# Victoria BC



## easyrider (Aug 15, 2012)

We really like Victoria, even better than Seattle or SanFrancisco. This visit is perfect weather.


----------



## easyrider (Aug 15, 2012)




----------



## easyrider (Aug 15, 2012)




----------



## easyrider (Aug 15, 2012)

In a moment of thought I took a picture of the angel. I was surprised to see it when the pictures loaded onto the laptop.  

Bill


----------



## spirits (Aug 15, 2012)

*Very nice*

Just came back from Victoria ourselves. Yes, it is a great city. Loved your pictures but where is the waterfall?  Did you stay at the Worldmark?


----------



## Passepartout (Aug 15, 2012)

A great city. We love it there! I sure wish they would like to have a couple of nice independent retirees.

Jim


----------



## Karen G (Aug 15, 2012)

Nice pictures. Did you get out to Butchart Gardens?


----------



## easyrider (Aug 16, 2012)

Yup, Butchart Gardens. Beyond the sunken garden is the water fountain that is a small version of the one at the Vegas Strip Belagio.


----------



## easyrider (Aug 16, 2012)




----------



## easyrider (Aug 16, 2012)

Im not really a flower, garden and museum guy but Butchart Gardens is an exception.

Bill


----------



## easyrider (Aug 16, 2012)

Yes, we are at the Worldmark in the harbor. We like this resort although the rooms are Canadian style.

Bill


----------



## tashamen (Aug 16, 2012)

easyrider said:


> Yes, we are at the Worldmark in the harbor. We like this resort although the rooms are Canadian style.



What are "Canadian style" rooms?  Just curious - we go to Canada all the time, and I've never heard this expression.

Great pictures!


----------



## BevL (Aug 16, 2012)

tashamen said:


> What are "Canadian style" rooms?  Just curious - we go to Canada all the time, and I've never heard this expression.
> 
> Great pictures!



I live here and have never heard this expression.  Oh, wait, maybe I live in Canadian style rooms - LOL.

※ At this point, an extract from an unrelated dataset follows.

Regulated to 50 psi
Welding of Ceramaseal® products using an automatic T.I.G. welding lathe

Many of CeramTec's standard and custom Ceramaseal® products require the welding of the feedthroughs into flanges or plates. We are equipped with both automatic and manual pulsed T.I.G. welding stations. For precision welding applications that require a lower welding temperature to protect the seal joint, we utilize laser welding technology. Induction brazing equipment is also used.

Just pulling your leg but am curious as well.  Do you mean the decor?  I can't imagine the layout is much different than any other Worldmark but I could be wrong.


----------



## spencersmama (Aug 16, 2012)

Gorgeous pictures!  Did you rent a car?  How easy is it to drive in the city and find parking?  I'm doing an Alaskan cruise next summer and really want to visit Victoria for a few days afterward this time.


----------



## presley (Aug 16, 2012)

I spent a few hours in Victoria in June.  It was gorgeous, but very windy and cold.  I do plan on going there for a longer stay in the future.  Maybe August 2014.  There seems like there is so much to do up there and the WM is in such a great location.


----------



## BevL (Aug 16, 2012)

spencersmama said:


> Gorgeous pictures!  Did you rent a car?  How easy is it to drive in the city and find parking?  I'm doing an Alaskan cruise next summer and really want to visit Victoria for a few days afterward this time.



Our daughter lives in Victoria so I can weigh in on this one.  Parking and traffic down by the inner harbour can be a bit of a bear on weekends or in the summer.  Other than that, it's not a large city and not that hard to find your way around in.

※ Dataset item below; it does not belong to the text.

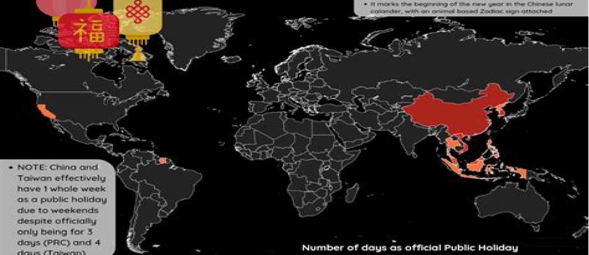
Number of days as official Public Holiday

• NOTE: China and Taiwan effectively have 1 whole week as a public holiday due to weekends despite officially only being for 3 days (PRC) and 4 days (Taiwan)

That being said, I'm not sure I would rent a car unless I was planning on driving up the Island to do sightseeing.  If you're going to stay pretty well in the inner harbour, downtown area and maybe do a trip out to Butchart Gardens, I personally wouldn't bother.



presley said:


> I spent a few hours in Victoria in June.  It was gorgeous, but very windy and cold.  I do plan on going there for a longer stay in the future.  Maybe August 2014.  There seems like there is so much to do up there and the WM is in such a great location.



Everywhere was windy and cold this June - it really didn't smarten up until well into July.  Usually it's much nicer here that time of year.


----------



## Luanne (Aug 16, 2012)

spencersmama said:


> Gorgeous pictures!  Did you rent a car?  How easy is it to drive in the city and find parking?  I'm doing an Alaskan cruise next summer and really want to visit Victoria for a few days afterward this time.

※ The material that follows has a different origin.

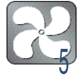
5 Closed Cooling System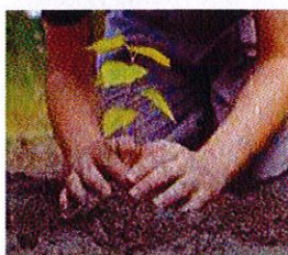
Forestry (soil preparation, planting, growing, cutting trees, etc.)

We had a car, but that was because we drove from Seattle to Port Townsend, stayed there for a week, then took the ferry to Victoria.  While we were in Victoria the only time we used the car was to drive out to Buchart Gardens.  I think there was parking available where we were staying (not a timeshare) so we didn't run into the parking issue.  We were staying just about right on the Inner Harbor and it was easy walking to where we wanted to go.  We then took the car to Nanaimo for the night, then took the ferry to Vancouver.


----------



## Luanne (Aug 16, 2012)

BevL said:


> I live here and have never heard this expression.  Oh, wait, maybe I live in Canadian style rooms - LOL.
> 
> Just pulling your leg but am curious as well.  Do you mean the decor?  I can't imagine the layout is much different than any other Worldmark but I could be wrong.



Bev. I haven't stayed at the Worldmark, but the only thing I noticed that was different, and I don't know if it's "Canadian" was that there were no screens on the windows.


----------



## LynnW (Aug 16, 2012)

Luanne said:


> Bev. I haven't stayed at the Worldmark, but the only thing I noticed that was different, and I don't know if it's "Canadian" was that there were no screens on the windows.



Well I have never stayed in a timeshare in Canada that doesn't have screens on the windows but have in Australia. I also don't know anyone who doesn't have screens on their windows at home so it's not "Canadian". I have no idea what it could be.  

Lynn


----------



## spirits (Aug 16, 2012)

*I'll ask*

Hi.  The reference to the Canadian rooms has me puzzled also.  I'll ask him what he meant


----------



## vacationhopeful (Aug 16, 2012)

Just last week I walked from the Harbor area past the Worldmark back to the NCL Pearl (cruise ship). Took a taxi from the port into the city.


----------



## spencersmama (Aug 16, 2012)

BevL said:


> If you're going to stay pretty well in the inner harbour, downtown area and maybe do a trip out to Butchart Gardens, I personally wouldn't bother.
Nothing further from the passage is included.